Runbook: autoscaling_controller_exceptions
This runbook covers steps to investigate and remediate when the Autoscaling Controller is experiencing exceptions. The alert fires when the exception count is greater than 0 for more than 5 minutes.
Impact
KEDA event tracking and DynamoDB updates may be degraded.
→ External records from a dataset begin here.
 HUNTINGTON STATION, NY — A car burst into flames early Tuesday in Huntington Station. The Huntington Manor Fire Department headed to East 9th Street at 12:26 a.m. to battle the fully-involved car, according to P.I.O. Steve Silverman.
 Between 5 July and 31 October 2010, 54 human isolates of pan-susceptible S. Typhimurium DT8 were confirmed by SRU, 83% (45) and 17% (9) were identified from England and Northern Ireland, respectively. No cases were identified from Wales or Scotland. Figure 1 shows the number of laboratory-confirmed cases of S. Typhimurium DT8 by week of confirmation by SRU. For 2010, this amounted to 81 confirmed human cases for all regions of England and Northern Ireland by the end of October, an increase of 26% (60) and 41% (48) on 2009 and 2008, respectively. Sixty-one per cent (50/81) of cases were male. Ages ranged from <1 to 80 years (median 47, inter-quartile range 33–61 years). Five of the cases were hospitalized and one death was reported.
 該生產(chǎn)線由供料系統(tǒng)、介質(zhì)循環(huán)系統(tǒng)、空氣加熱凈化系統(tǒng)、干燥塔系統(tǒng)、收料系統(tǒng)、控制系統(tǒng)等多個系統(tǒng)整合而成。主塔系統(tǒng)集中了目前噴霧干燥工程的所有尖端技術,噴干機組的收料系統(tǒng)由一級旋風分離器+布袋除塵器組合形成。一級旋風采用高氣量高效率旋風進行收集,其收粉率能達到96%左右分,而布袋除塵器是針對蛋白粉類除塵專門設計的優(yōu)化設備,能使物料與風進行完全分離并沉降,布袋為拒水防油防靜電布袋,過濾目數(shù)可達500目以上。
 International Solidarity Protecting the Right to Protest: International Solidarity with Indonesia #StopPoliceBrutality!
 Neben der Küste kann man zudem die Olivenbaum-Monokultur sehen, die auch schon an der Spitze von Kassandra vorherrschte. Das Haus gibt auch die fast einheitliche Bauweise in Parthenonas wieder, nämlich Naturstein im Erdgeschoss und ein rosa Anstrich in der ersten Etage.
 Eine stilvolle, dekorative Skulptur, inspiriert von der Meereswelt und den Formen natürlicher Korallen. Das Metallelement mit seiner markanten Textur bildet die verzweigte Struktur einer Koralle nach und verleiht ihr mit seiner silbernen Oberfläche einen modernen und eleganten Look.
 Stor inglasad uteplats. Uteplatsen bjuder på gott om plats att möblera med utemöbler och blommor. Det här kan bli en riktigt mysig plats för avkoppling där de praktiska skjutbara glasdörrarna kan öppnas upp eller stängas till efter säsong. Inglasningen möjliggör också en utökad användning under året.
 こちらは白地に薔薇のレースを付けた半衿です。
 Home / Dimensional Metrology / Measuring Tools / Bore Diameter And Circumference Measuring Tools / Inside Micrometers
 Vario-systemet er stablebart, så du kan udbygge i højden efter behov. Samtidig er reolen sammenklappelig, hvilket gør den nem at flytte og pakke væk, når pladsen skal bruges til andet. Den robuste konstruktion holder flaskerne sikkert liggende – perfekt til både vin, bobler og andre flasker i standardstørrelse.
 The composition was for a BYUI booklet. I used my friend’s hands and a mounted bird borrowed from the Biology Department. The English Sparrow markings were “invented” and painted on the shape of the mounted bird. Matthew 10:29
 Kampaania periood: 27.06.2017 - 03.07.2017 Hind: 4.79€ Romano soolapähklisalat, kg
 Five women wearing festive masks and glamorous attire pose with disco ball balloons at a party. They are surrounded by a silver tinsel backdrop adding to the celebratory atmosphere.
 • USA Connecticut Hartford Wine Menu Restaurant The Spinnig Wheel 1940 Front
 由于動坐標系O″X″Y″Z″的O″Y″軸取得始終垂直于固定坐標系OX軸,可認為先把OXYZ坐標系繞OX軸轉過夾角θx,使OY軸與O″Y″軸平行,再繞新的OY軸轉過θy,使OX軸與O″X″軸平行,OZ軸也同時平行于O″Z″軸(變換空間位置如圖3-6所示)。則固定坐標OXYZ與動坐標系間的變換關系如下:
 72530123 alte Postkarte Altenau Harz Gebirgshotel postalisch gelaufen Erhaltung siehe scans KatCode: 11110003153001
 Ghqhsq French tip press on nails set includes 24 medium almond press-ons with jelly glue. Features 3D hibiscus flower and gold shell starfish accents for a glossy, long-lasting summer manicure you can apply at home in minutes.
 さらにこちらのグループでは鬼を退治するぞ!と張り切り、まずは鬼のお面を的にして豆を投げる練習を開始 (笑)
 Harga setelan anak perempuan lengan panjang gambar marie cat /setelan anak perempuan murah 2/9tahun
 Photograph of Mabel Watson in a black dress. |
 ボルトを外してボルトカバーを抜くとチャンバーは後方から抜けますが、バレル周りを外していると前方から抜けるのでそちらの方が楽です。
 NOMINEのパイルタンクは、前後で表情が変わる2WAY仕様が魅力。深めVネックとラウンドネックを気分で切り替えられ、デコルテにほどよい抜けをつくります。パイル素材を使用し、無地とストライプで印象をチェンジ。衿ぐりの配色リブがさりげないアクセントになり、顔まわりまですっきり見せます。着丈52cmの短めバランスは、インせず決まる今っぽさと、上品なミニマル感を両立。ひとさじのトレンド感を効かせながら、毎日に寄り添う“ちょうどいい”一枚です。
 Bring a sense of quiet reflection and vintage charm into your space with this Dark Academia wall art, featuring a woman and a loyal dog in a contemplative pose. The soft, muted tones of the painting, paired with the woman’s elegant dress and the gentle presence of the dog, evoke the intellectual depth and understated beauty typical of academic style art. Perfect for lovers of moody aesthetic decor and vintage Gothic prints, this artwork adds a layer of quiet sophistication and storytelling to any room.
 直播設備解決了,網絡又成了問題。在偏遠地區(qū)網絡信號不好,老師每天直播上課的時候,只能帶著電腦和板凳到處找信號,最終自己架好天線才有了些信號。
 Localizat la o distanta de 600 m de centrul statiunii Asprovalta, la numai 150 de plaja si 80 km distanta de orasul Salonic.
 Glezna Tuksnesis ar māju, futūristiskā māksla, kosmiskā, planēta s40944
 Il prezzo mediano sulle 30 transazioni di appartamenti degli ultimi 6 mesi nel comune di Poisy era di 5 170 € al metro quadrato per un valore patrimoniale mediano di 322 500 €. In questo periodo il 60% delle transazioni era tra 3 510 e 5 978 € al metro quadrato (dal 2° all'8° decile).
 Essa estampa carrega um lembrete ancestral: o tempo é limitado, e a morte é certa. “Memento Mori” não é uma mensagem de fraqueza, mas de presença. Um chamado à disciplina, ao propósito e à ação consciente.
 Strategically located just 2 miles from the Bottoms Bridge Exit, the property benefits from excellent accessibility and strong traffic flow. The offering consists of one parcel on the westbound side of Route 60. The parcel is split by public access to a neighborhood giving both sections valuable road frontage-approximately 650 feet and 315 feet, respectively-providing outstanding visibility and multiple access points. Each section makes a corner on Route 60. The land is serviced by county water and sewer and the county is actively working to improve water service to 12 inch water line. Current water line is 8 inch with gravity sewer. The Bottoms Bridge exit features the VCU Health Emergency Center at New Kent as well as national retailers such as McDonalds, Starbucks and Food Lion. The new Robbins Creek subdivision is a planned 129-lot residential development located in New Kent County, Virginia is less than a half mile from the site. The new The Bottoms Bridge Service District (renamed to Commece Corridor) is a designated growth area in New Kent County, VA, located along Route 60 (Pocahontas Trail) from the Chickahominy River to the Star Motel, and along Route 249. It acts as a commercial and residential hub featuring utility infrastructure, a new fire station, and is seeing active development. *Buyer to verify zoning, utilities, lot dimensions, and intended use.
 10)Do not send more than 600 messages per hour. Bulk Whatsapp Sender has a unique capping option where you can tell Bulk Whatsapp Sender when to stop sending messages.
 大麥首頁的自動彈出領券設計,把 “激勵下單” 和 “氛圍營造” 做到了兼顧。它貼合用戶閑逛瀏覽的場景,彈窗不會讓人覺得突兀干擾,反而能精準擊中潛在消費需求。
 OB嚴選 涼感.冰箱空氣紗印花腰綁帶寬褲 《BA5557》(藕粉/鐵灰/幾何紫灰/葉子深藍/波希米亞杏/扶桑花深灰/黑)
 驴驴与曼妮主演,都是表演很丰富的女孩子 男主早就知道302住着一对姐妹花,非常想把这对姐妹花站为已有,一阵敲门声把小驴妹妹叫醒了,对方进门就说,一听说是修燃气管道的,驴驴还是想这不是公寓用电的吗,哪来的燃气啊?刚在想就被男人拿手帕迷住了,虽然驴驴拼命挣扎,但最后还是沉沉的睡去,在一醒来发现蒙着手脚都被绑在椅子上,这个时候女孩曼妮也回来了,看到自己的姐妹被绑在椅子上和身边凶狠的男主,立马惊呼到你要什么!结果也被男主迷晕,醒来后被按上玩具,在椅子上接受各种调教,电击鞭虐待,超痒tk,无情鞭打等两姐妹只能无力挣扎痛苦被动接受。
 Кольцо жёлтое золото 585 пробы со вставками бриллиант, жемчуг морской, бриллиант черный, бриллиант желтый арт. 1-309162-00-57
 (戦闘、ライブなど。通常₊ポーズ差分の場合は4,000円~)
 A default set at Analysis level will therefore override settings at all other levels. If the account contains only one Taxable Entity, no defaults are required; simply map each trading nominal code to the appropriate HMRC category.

While the controller is still running, exceptions indicate that some operations are failing, which could lead to incorrect scaling decisions or stale state.
Steps
1. Get admin permissions via Escalator
Request admin access through Escalator:
https://escalator.marqo-staging.com/
2. Copy admin credentials to local terminal
Copy the admin credentials from Escalator and export them in your terminal.
3. Get EKS cluster credentials
aws eks update-kubeconfig --region us-east-1 --name cell2-MultitenantEKSCluster
4. Check Autoscaling Controller pod status
kubectl get pods -A | grep autoscaling-controller
Verify the pod is Running and Ready.
5. Check pod logs for exceptions
kubectl logs <pod-name> -n <namespace> --tail=500
Look for:
- Exception stack traces
- DynamoDB errors (throttling, conditional check failures)
- KEDA API errors
- Timeout or connectivity errors
6. Check DynamoDB table health
If exceptions are related to DynamoDB, check the table in AWS Console:
- Look for throttled read/write requests
- Verify table capacity settings
- Check for any ongoing table operations
7. Remediate
Depending on the root cause:
- If DynamoDB throttling: Consider increasing table capacity or switching to on-demand mode.
- If transient errors: The controller should recover automatically. Monitor to see if exceptions stop.
- If persistent errors: Restart the controller:
kubectl delete pod <pod-name> -n <namespace>
- If code/configuration issue: Check recent deployments for changes that may have introduced the issue.